◆ Source material:
········

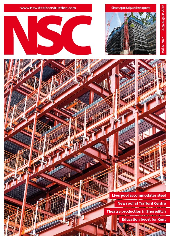 Vol 27 No 7 July/August 2019 www.newsteelconstruction.com Girders span Aldgate development Liverpool accommodates steel New roof at Trafford Centre Theatre production in Shoreditch Education boost for Kent
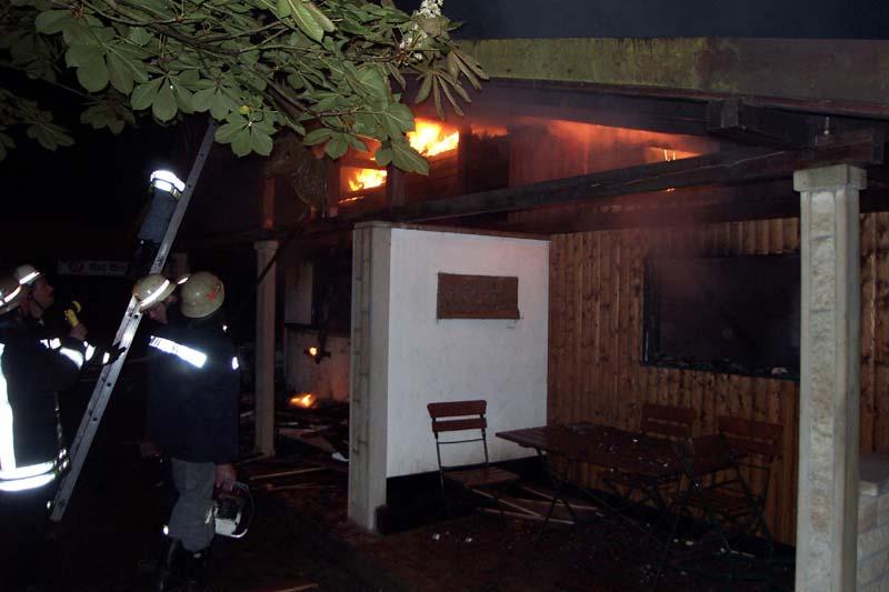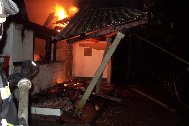 Zum Brand der "Almhütte", eines Ausfluglokals direkt im Waldgebiet am Hermannsweg in den Dörenther Klippen gelegen, wurden die hauptamtliche Wache, der Löschzug Dörenthe und der Löschzug Stadtmitte 1 der Feuerwehr Ibbenbüren am Dienstagmorgen, gegen 0.20 Uhr, alarmiert.Aus bislang ungeklärter Ursache war das beliebte Lokal mit Imbissbetrieb in Brand geraten und von einem Zeugen als "Feuerschein im Wald" gemeldet worden. Zu dem Zeitpunkt muss das Feuer aber schon eine ganze Weile gebrannt haben, denn bei Eintreffen der ersten Kräfte stand das Gebäude bereits lichterloh in Flammen.
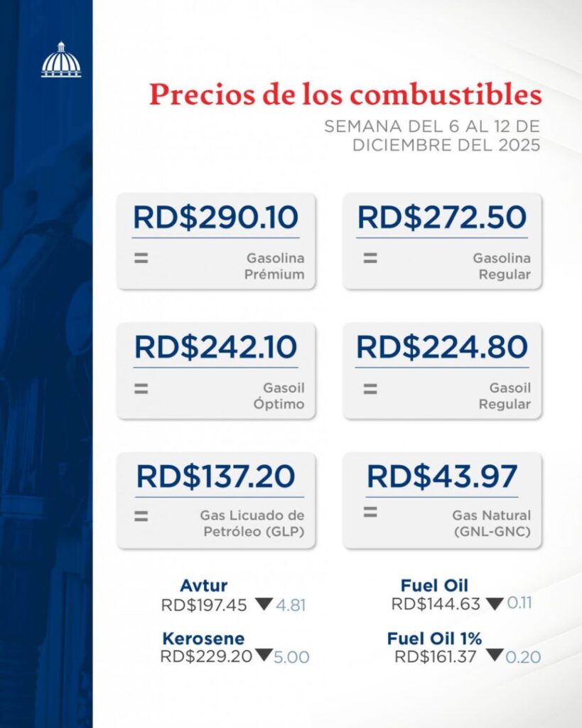 Santo Domingo – El Gobierno anunció que los precios de los combustibles de uso masivo se mantendrán sin variación durante la semana del 6 de diciembre al 12 de diciembre de 2025.

········

◆ Problem description: Reproduce all the data as it stands. The pictures are not part of the copy.

◆ Problem solution:
 Vol 27 No 7 July/August 2019 www.newsteelconstruction.com Girders span Aldgate development Liverpool accommodates steel New roof at Trafford Centre Theatre production in Shoreditch Education boost for Kent
 Zum Brand der "Almhütte", eines Ausfluglokals direkt im Waldgebiet am Hermannsweg in den Dörenther Klippen gelegen, wurden die hauptamtliche Wache, der Löschzug Dörenthe und der Löschzug Stadtmitte 1 der Feuerwehr Ibbenbüren am Dienstagmorgen, gegen 0.20 Uhr, alarmiert.Aus bislang ungeklärter Ursache war das beliebte Lokal mit Imbissbetrieb in Brand geraten und von einem Zeugen als "Feuerschein im Wald" gemeldet worden. Zu dem Zeitpunkt muss das Feuer aber schon eine ganze Weile gebrannt haben, denn bei Eintreffen der ersten Kräfte stand das Gebäude bereits lichterloh in Flammen.
 Santo Domingo – El Gobierno anunció que los precios de los combustibles de uso masivo se mantendrán sin variación durante la semana del 6 de diciembre al 12 de diciembre de 2025.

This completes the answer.